* Goal of the exercise: Report how many lines of these entries hold the string "Spring"; reply with the number alone.

* Records supplied:
- - -

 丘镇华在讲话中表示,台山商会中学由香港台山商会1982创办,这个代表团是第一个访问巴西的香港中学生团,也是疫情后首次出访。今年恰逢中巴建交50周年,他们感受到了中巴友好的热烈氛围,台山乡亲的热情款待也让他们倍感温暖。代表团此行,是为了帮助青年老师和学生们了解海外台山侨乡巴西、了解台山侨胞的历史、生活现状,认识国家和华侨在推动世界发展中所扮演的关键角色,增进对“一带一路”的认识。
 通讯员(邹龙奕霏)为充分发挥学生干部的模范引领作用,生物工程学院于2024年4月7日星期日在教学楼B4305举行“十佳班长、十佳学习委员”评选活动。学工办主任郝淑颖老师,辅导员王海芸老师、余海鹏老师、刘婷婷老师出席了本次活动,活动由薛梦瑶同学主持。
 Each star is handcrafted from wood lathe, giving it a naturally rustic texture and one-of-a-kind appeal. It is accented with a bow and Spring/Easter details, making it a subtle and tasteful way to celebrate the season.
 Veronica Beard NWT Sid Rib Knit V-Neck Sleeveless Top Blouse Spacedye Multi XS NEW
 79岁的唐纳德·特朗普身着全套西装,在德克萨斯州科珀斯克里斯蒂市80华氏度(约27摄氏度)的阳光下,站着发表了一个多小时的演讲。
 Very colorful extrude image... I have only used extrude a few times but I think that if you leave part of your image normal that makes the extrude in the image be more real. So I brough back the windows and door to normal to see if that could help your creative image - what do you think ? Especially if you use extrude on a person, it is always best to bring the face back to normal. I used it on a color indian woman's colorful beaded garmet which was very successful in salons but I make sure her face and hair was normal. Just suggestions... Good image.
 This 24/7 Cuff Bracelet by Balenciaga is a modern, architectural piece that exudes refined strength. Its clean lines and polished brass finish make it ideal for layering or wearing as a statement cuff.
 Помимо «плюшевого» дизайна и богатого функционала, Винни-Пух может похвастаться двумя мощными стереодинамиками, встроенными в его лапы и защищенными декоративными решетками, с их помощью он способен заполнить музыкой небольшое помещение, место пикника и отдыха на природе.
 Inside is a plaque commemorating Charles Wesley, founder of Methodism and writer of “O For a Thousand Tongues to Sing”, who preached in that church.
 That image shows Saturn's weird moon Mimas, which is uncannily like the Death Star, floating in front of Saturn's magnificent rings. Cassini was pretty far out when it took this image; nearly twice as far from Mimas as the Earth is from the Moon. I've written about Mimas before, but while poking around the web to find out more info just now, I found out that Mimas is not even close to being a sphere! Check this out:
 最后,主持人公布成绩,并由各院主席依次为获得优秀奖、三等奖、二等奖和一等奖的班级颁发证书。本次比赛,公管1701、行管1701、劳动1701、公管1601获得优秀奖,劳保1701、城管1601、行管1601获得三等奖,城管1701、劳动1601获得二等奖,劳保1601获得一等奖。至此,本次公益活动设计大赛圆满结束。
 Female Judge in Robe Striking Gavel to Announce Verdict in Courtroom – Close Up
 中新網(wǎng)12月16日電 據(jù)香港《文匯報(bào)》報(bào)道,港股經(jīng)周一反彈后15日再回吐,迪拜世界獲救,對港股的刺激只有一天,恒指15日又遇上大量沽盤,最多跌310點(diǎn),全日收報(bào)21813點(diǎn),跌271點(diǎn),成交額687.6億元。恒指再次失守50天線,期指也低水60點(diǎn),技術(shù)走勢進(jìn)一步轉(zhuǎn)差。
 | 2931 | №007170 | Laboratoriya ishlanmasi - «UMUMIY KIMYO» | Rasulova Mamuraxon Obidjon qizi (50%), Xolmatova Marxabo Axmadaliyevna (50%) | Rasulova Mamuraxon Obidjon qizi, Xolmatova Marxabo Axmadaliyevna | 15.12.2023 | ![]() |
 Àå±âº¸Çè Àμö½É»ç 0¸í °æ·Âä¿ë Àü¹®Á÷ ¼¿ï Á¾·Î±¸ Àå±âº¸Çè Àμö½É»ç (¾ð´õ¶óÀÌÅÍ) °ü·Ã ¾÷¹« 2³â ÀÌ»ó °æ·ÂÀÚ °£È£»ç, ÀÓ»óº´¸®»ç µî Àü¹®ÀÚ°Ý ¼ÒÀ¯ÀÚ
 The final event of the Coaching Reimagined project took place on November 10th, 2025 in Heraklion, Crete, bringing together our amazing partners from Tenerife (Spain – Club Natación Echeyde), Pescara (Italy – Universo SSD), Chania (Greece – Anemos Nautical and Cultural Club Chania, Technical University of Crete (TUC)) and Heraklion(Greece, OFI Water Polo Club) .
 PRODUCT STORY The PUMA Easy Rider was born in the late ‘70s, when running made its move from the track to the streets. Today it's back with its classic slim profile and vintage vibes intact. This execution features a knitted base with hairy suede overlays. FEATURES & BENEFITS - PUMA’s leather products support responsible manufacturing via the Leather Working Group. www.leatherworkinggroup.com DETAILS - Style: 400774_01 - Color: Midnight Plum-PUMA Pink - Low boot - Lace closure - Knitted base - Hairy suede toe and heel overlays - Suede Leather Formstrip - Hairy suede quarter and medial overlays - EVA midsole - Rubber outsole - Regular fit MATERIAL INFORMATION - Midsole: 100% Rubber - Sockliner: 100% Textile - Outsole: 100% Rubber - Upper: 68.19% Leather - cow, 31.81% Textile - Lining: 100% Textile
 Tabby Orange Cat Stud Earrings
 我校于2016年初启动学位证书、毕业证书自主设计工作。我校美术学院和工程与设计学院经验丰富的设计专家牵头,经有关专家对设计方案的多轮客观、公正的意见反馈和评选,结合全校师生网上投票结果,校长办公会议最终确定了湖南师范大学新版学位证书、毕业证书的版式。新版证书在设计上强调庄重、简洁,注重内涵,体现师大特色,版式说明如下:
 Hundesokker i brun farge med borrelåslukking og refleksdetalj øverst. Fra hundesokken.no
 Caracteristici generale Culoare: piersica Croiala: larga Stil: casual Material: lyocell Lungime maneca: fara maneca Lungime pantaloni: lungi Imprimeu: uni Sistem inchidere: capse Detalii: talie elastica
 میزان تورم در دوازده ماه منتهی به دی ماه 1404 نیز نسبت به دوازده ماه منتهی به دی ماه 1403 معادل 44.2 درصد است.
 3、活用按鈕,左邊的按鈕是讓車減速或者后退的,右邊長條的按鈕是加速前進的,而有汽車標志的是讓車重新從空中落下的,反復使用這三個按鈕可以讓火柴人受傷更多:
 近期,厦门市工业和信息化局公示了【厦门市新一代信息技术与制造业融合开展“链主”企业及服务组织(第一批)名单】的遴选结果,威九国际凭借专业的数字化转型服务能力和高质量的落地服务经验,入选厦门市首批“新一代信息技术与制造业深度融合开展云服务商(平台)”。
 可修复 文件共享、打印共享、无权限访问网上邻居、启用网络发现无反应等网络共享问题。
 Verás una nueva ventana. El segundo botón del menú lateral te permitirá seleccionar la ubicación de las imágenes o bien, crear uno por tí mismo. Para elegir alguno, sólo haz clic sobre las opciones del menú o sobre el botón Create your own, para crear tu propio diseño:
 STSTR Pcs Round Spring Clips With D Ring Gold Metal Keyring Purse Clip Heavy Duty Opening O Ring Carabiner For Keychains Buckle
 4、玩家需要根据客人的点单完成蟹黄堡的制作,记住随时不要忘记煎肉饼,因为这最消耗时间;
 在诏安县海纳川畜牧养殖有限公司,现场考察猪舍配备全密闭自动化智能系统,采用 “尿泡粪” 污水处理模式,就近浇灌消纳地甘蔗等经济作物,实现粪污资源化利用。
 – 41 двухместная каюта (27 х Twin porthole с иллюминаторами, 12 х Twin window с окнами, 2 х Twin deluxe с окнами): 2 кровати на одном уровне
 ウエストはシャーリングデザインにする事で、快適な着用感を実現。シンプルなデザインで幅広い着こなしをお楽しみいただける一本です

- - -

* Result of this task: 2